Over all, I'm pleased with these results, although I'm confused why
sometimes with the patch the first run reports running faster than the
others. I'm curious what others get. Traversing a tree that lives in
DSA has some overhead, as expected, but still comes out way ahead of
master.

There are still some micro-benchmarks we could do on tidstore, and
it'd be good to find out worse-case memory use (1 dead tuple each on
spread-out pages), but this is decent demonstration.

> > I'm not sure what the test_node_types_* functions are testing that
> > test_basic doesn't. They have a different, and confusing, way to stop
> > at every size class and check the keys/values.
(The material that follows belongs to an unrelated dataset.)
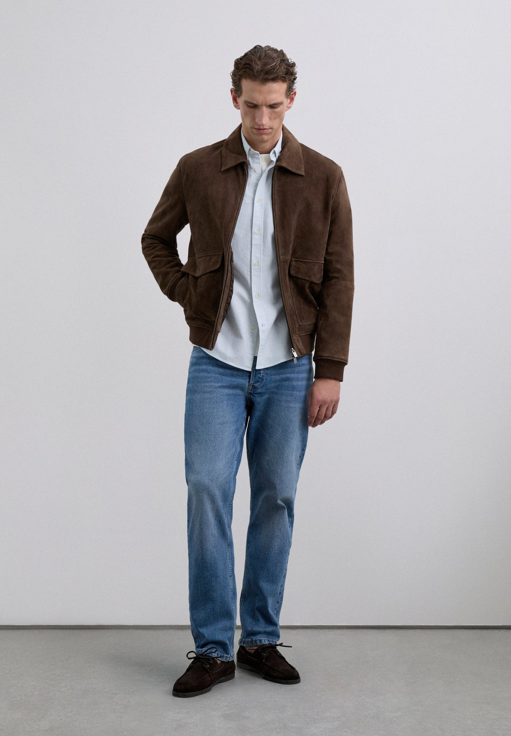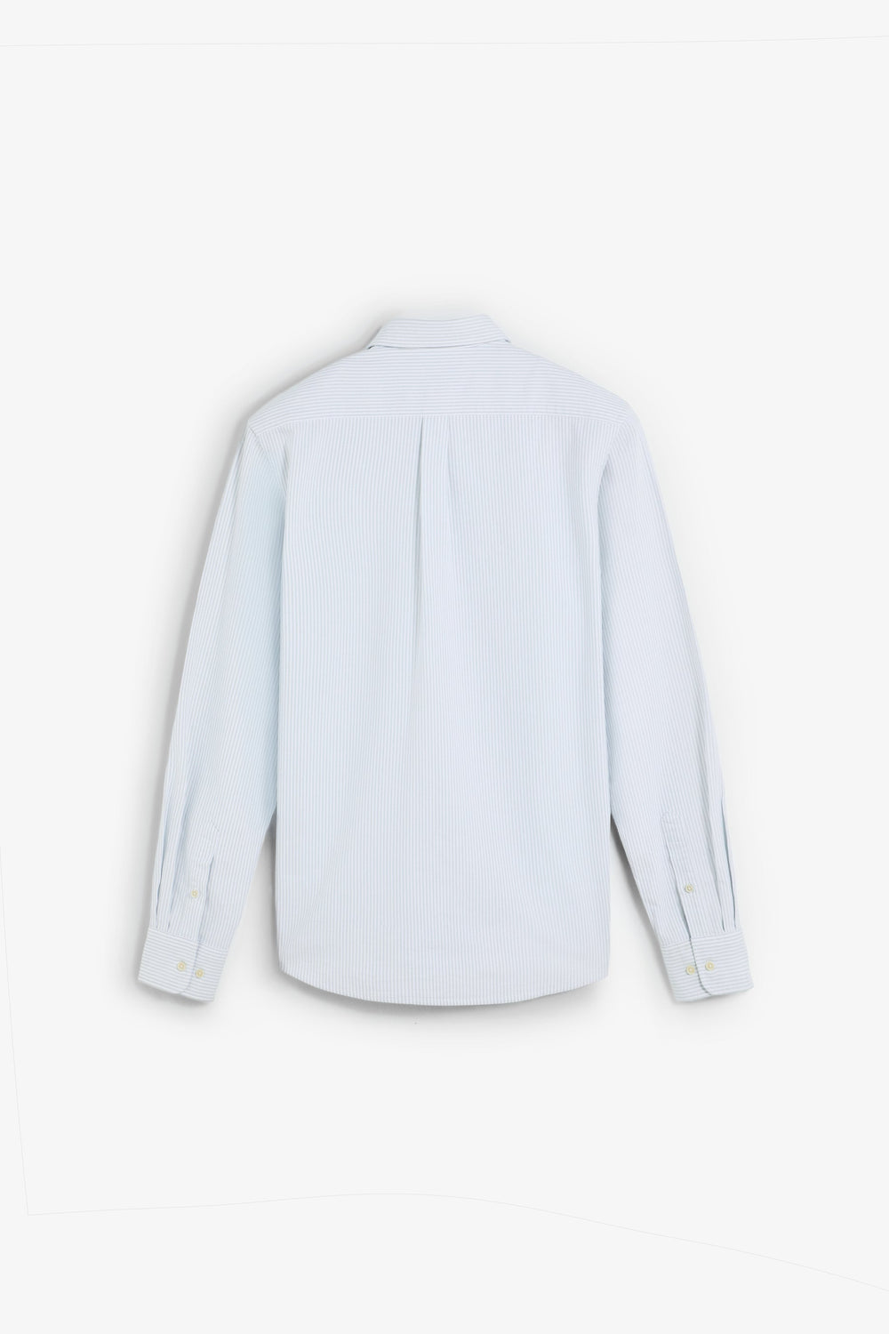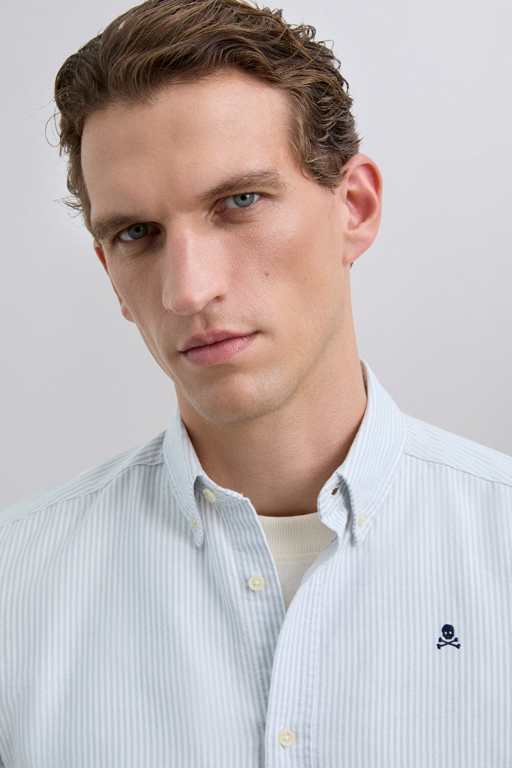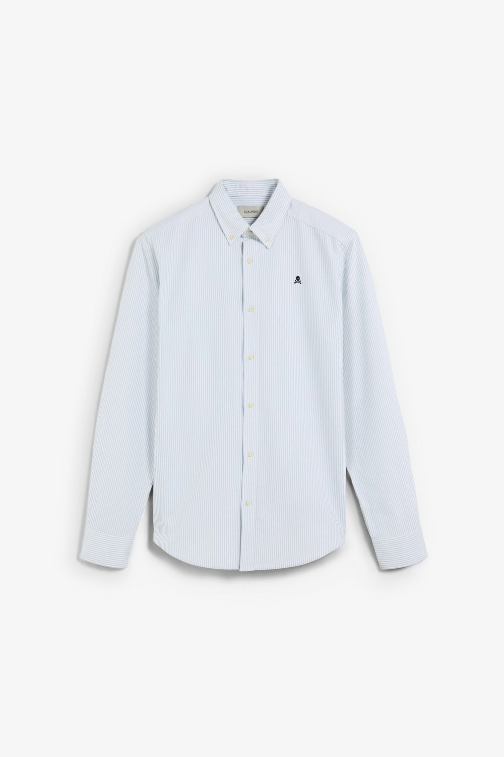 Camisa Oxford confeccionada en 100% algodón BCI. Cierre mediante abotonadura, Estampado de rayas. Manga larga con cierre mediante botón. Detalle de calavera bordada a contraste en pecho.

It seems we can replace
> > all that with two more calls (asc/desc) to test_basic, with the
> > maximum level.

v58-0008:

+ /* borrowed from RT_MAX_SHIFT */
+ const int max_shift = (pg_leftmost_one_pos64(UINT64_MAX) /
BITS_PER_BYTE) * BITS_PER_BYTE;

This is harder to read than "64 - 8", and doesn't really help
maintainability either.
Maybe "(sizeof(uint64) - 1) * BITS_PER_BYTE" is a good compromise.

+ /* leaf nodes */
+ test_basic(test_info, 0);

+ /* internal nodes */
+ test_basic(test_info, 8);
+
+ /* max-level nodes */
+ test_basic(test_info, max_shift);

This three-way terminology is not very informative. How about:

+       /* a tree with one level, i.e. a single node under the root node. */
 ...
+       /* a tree with two levels */
 ...
+       /* a tree with the maximum number of levels */

+static void
+test_basic(rt_node_class_test_elem *test_info, int shift)
+{
+ elog(NOTICE, "testing node %s with shift %d", test_info->class_name, shift);
+
+ /* Test nodes while changing the key insertion order */
+ do_test_basic(test_info->nkeys, shift, false);
+ do_test_basic(test_info->nkeys, shift, true);

Adding a level of indirection makes this harder to read, and do we
still know whether a test failed in asc or desc keys?
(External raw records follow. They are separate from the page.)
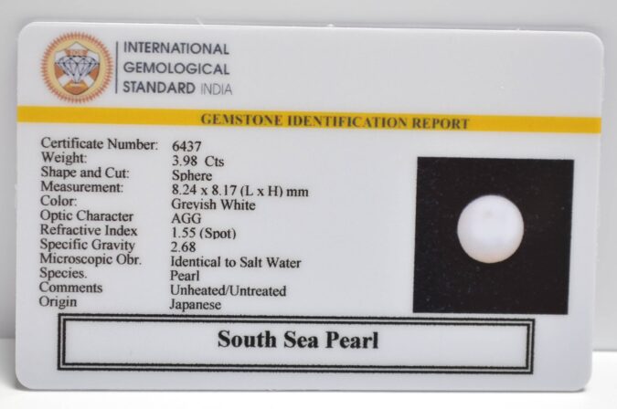 Beautiful 3.98 Cts South Sea Pearl (AAA+-Mines) sva 4+ Ratti SOUTH SEA PEARL. Free Horoscope & Free Pundit Ji Astrological Advise / Consultation. Original Natural Lab certified gems by IGI GTL / Birth stones / Large Gem Selection of shree shubh Rashi Ratan Vedic dhan at Gem Mines. May Bhagwan Brahma, Vishnu, Shiv & Universe bless you.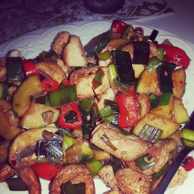 Skjær opp i biter og stek det i en teflonpanne,siden man skal bruke så lite olje jeg hadde også i cayennepepper og chiliflak.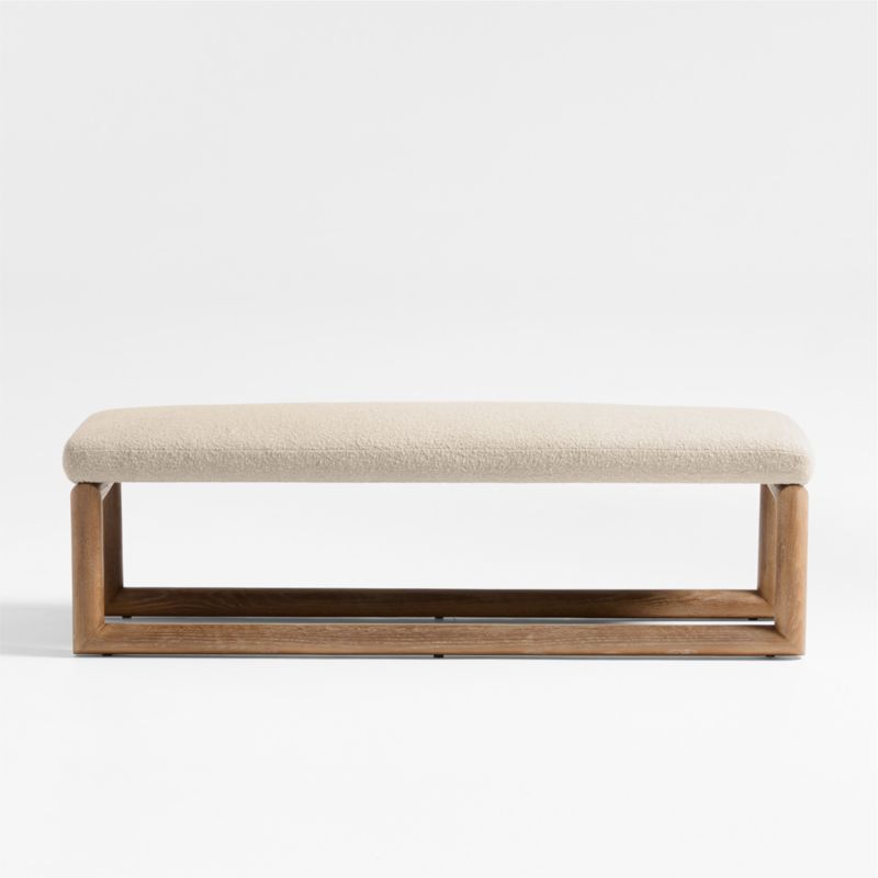 This bench combines the same mix of materials and rounded contours as our Palermo bed. The plush, cushioned seat is upholstered in an oatmeal fabric with a cozy, fleecy hand. Oak fashions the rounded, open frame, finished with a brown stain and ivory cerusing to highlight the beautiful wood grain.

> > My earlier opinion was that "handle" was a nicer variable name, but
> > this brings back the typedef and also keeps the variable name I didn't
> > like, but pushes it down into the function. I'm a bit confused, so
> > I've kept these not-squashed for now.
>
> I misunderstood your comment. I've changed to use a variable name
> rt_handle and removed the TidStoreHandle type. 0013 patch.
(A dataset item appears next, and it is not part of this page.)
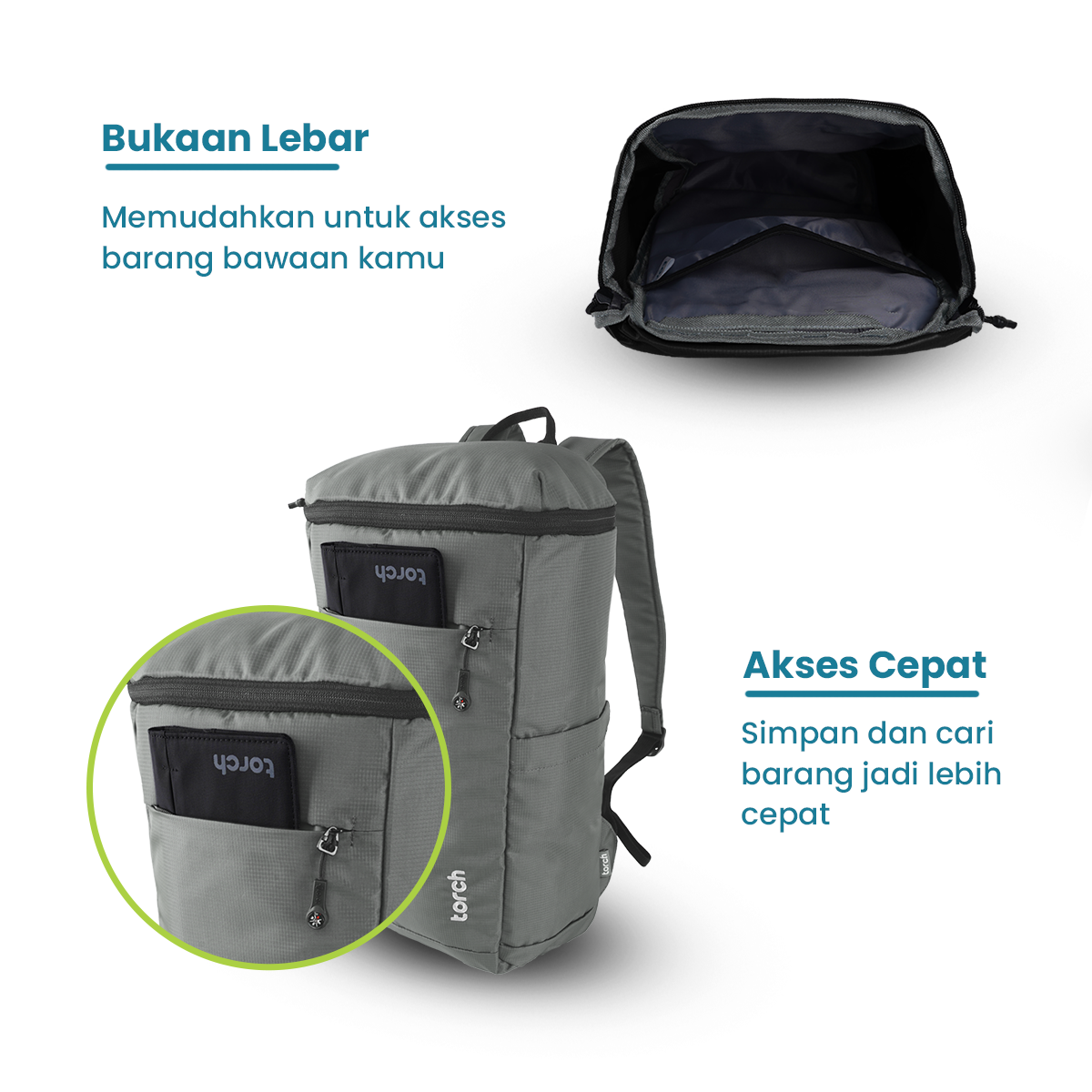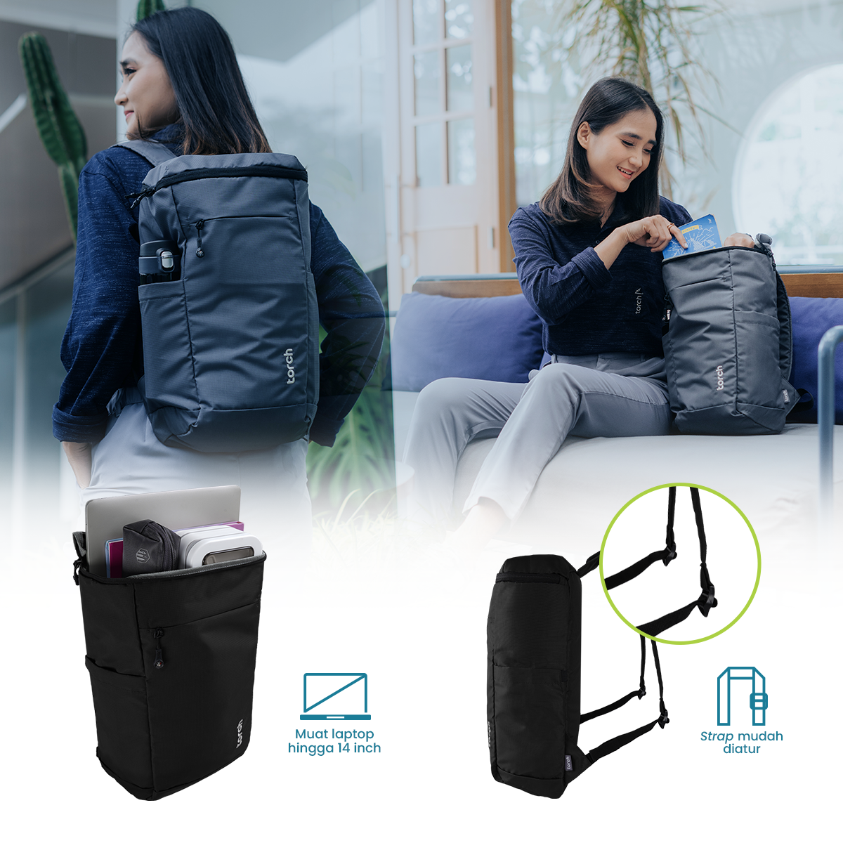 Tas murah dan hemat dari Torch ini dinamakan si ringan, yang bisa masuk apa pun. Sampai-sampai bisa masuk laptop up to 14 inch. Tapi dengan catatan tetap pakai sleeve atau sarung pelindung laptop biar lebih aman.

(diff against an earlier version)
-       pvs->shared->dead_items_handle = TidStoreGetHandle(dead_items);
+       pvs->shared->dead_items_dp = TidStoreGetHandle(dead_items);

Shall we use "handle" in vacuum_parallel.c as well?

> > I'm pretty sure there's an
> > accidental memset call that crept in there, but I'm running out of
> > steam today.

I have just a little bit of work to add for v59:

v59-0009 - set_offset_bitmap_at() will call memset if it needs to zero
any bitmapwords. That can only happen if e.g. there is an offset > 128
and there are none between 64 and 128, so not a huge deal but I think
it's a bit nicer in this patch.

> > >  * WIP: notes about traditional radix tree trading off span vs height...
> > >
> > > Are you going to write it?
> >
> > Yes, when I draft a rough commit message, (for next time).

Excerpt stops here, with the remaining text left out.